I think I like mornings so much because I’ve always romanticized the idea of new beginnings. Clean slates. Second chances. Tabula Rasa.
There’s a certain hopefulness to the opportunity presented by each new day. The feeling that anything can happen today. The feeling that I can be somebody.
Normally, the familiar responsibilities of work or routine cloud this imaginative yearning by the time I’ve finished my coffee. The drying of this morning’s dew and the quieting of once restless birds slowly reminds me of what distractions I am expected to tend.
I have many thoughts on many things. Most are woefully untested. And few, if any, are certainties. But there’s one idea that has been building within me for years. It is time that I surround myself with more important distractions.
So, who shall I be today, I wonder as I sip my coffee and admire nature’s reboot.
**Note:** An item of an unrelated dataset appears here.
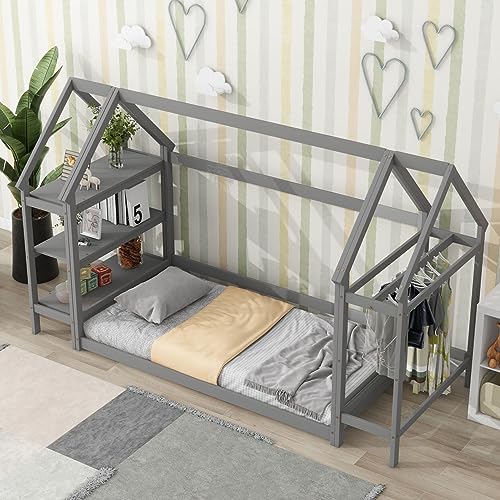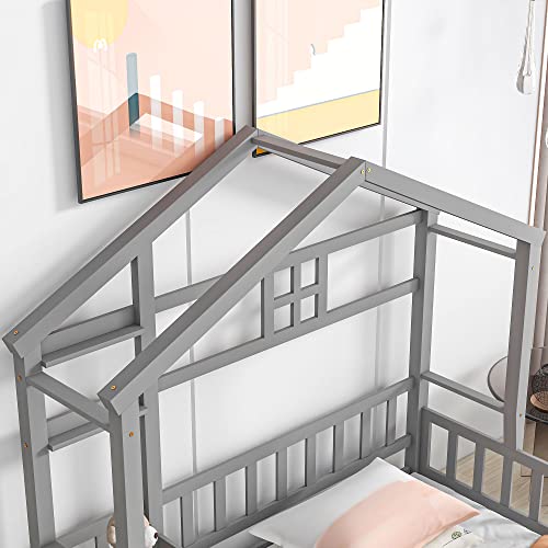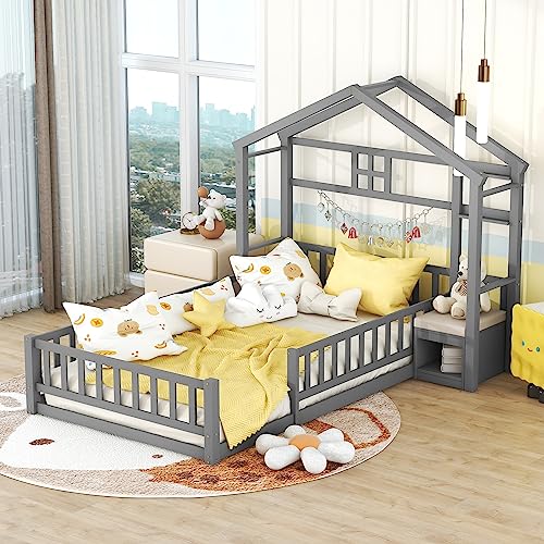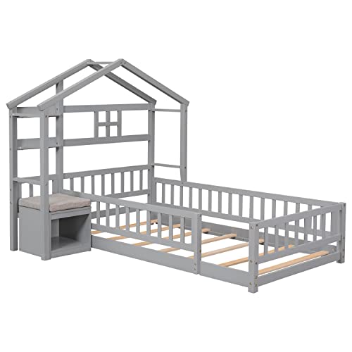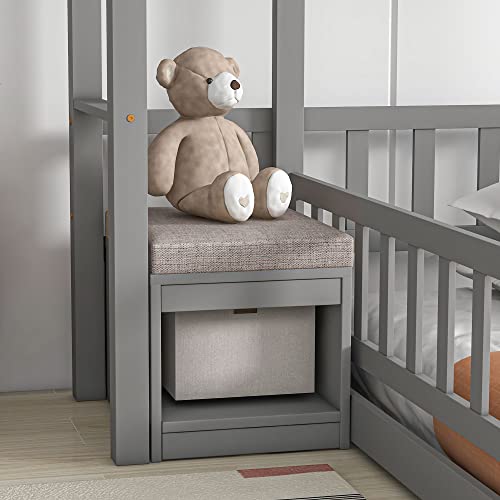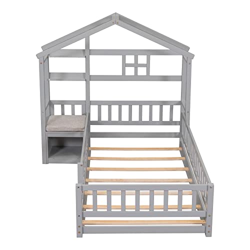 Floor Bed with Fence Railings and House Shape Headboard, Twin Size House Beds with Cushioned Nightstand and Wooden Slats Support, Kids Montessori Style Playhouse Bed Frame for Girls Boys, Gray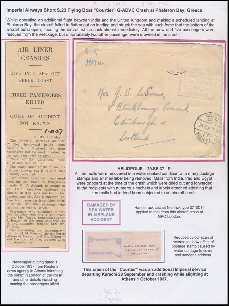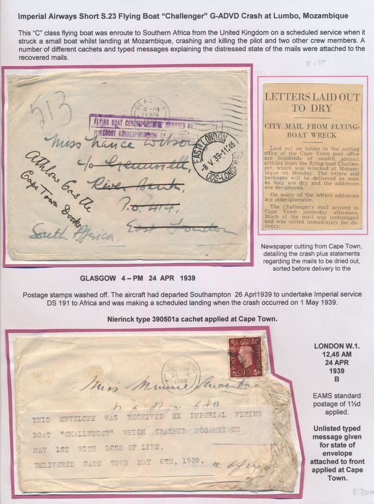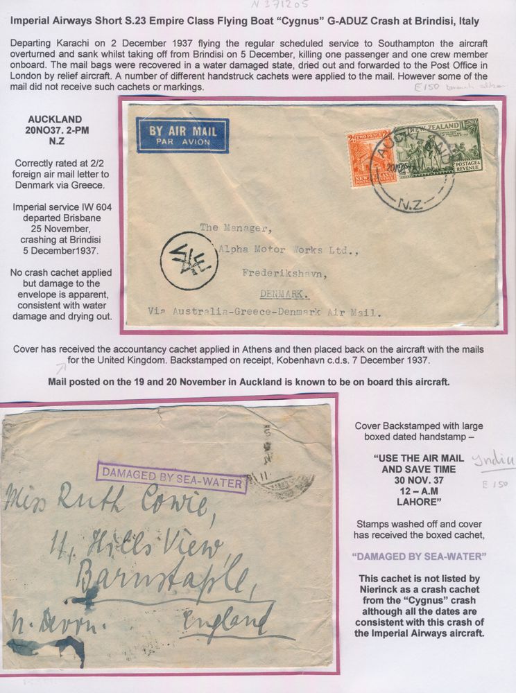 4385 imageBritish Empire 1930s Imperial Airways crash mail fascinating collection profusely written up on exhibition pages, consisting of 10 covers each with extensive context and explanations provided, the nature of the covers themselves is usually rather exotic and certainly uncommon, given that Imperial Airways operated almost exclusively on the "far flung" routes of the British Empire, predominantly in Australia, New Zealand, Oceania, South Africa, Middle and Far East, etc., overall a great collection and an equally great basis for expansion, vf/f(Image 1) (Image 2) (Image 3)

It’s a complicated sensation - that of decay. Not in the physical sense, but in the emotional binds that tie you to a place or an idea or a group of people.
It’s a feeling that resembles sadness, but it’s more nostalgic and hopeful than that. In fact, it’s entirely… natural. Unadulterated by pre-meditated depictions of how things are supposed to be. Emblematic of a great surrender to the way things actually are.
Things happen. Or they don’t. People change. Or they don’t.
Yesterday, I was there. Today, I am here. Tomorrow, I’ll be elsewhere.
Stagnation is just gas for your engine. You need to feel this way now to feel differently tomorrow.